Sandia
National Laboratories
Sandia is a DOE site from 1945 to the present so claimants are eligible to file claims under Part B and Part E.
Sandia has two Special Exposure Cohorts which cover all workers with specific cancers and at least 250 days of employment for January 1, 1949 through December 31, 1994.

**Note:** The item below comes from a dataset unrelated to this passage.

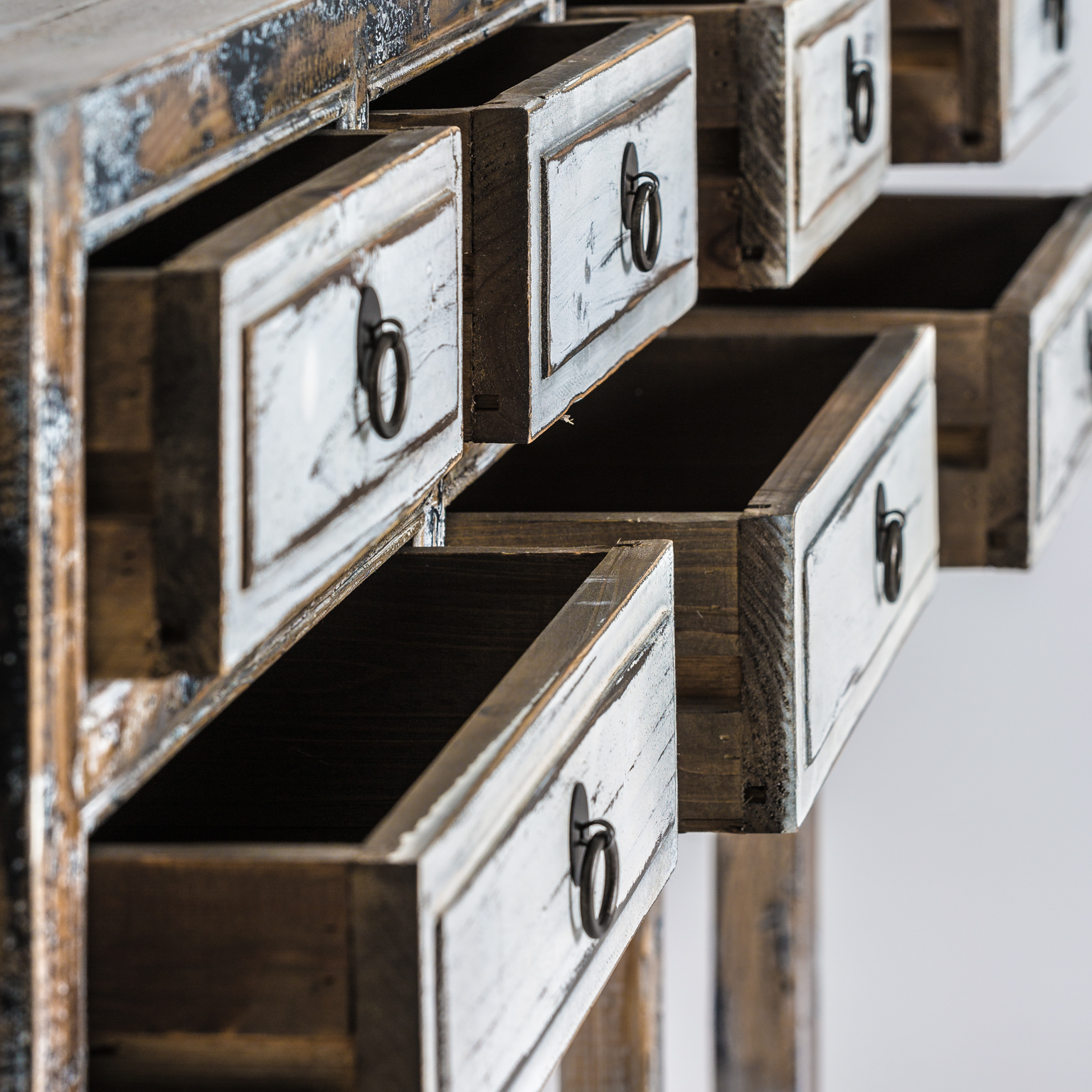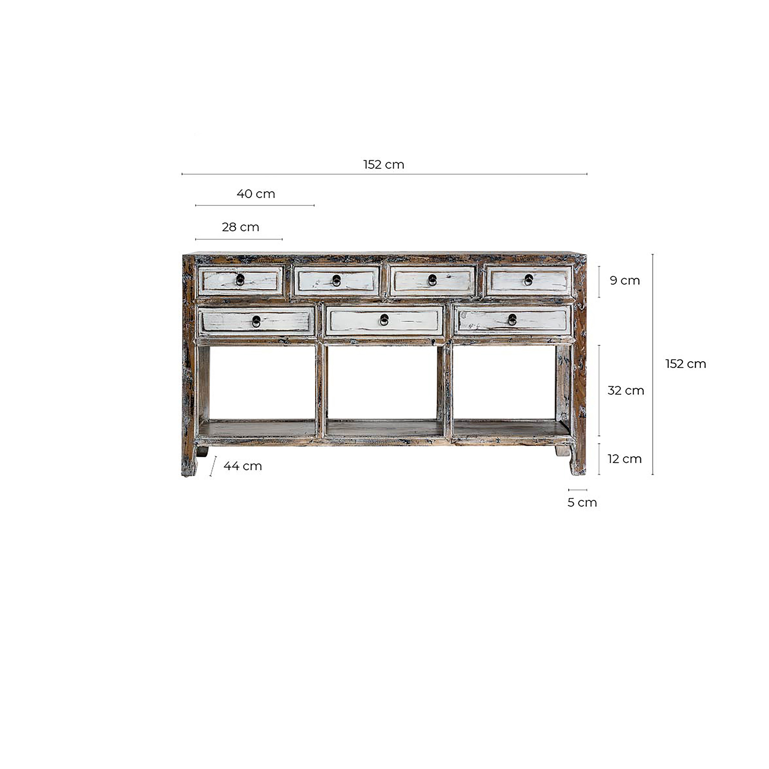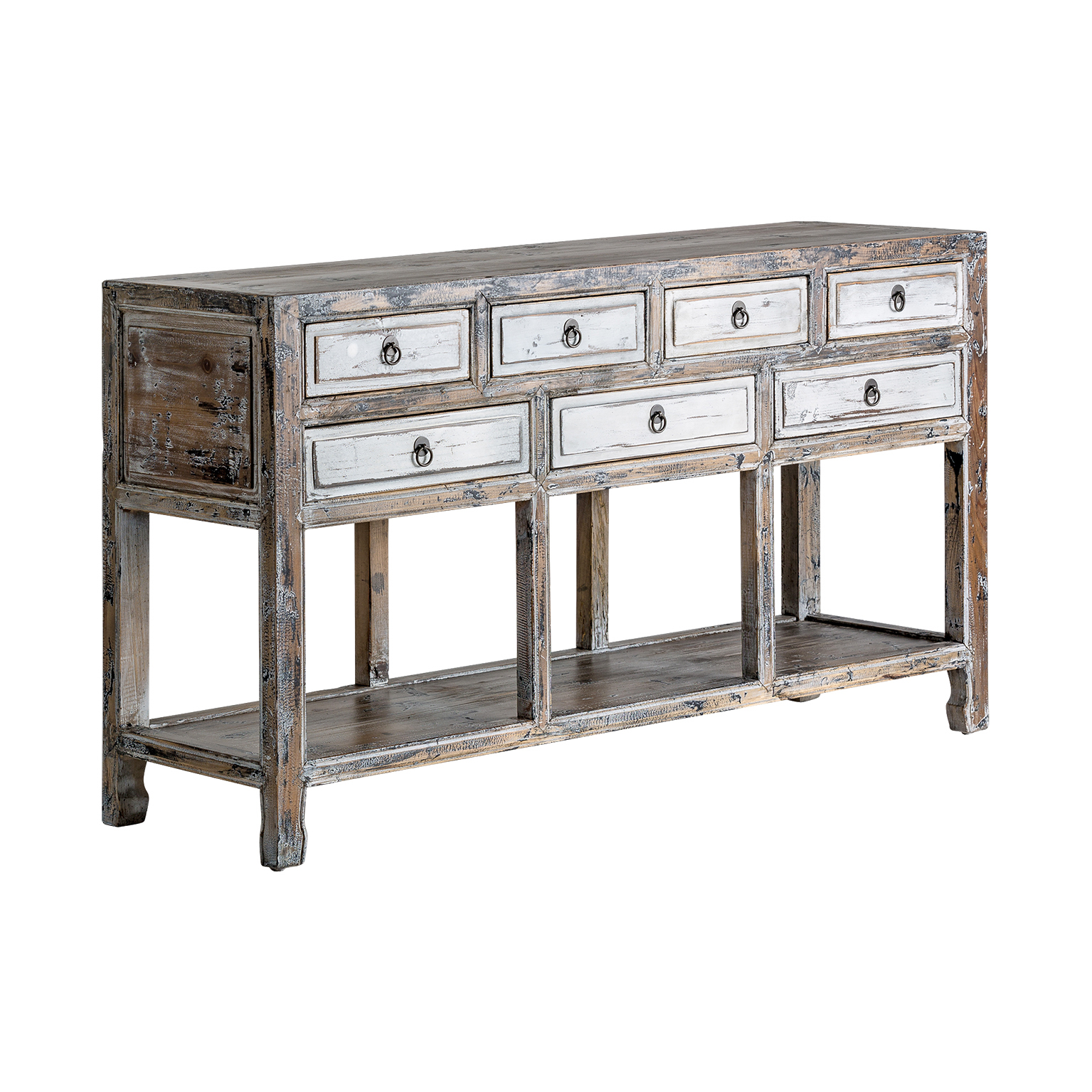CONSOLA VIBY, EN COLOR BLANCO ROTO ENVEJECIDO, DE ESTILO ORIENTAL. FABRICADO EN MADERA DE PINO RECICLADO.

Sandia National Laboratory originated
in 1945 as the Z Division of Los Alamos, the engineering arm
of the US nuclear weapons development program. Formally
established as Sandia National Laboratories in 1949, it was
given the mission to design the non-nuclear components for
nuclear weapons. Since 1953, areas have been used to test
nuclear and non-nuclear weapons components. From 1946-1957,
Sandia also housed a weapons assembly line and from
1963-1971, an onsite liquid waste disposal system for liquid
radioactive discharges from the Sandia Experimental Reactor
Facility.
Throughout the course of its
operations, the potential for beryllium exposure existed at
this site, due to beryllium use, residual contamination, and
decontamination activities.
Sandia National Laboratory is located about seven miles east of Albuquerque, New Mexico on about 2,820 acres within the Kirtland Air Force Base. .
Alternative Names
LANL Z-DivisionDOE
DOE Contractors
DOL
DOL provides Part B and Part E statistics on the Sandia National Labs as well as exposure information from their Sandia Site Exposure Matrix.
NIOSH
NIOSH has done several hundred dose reconstruction on Sandia workers and has technical basis documents for Sandia. There is a Special Exposure Cohort for workers from January 1, 1949-December 31, 1962 and on April 9, 2012 the NIOSH Advisory Board recommended adding a second SEC for workers from January 1, 1963-December 31, 1994.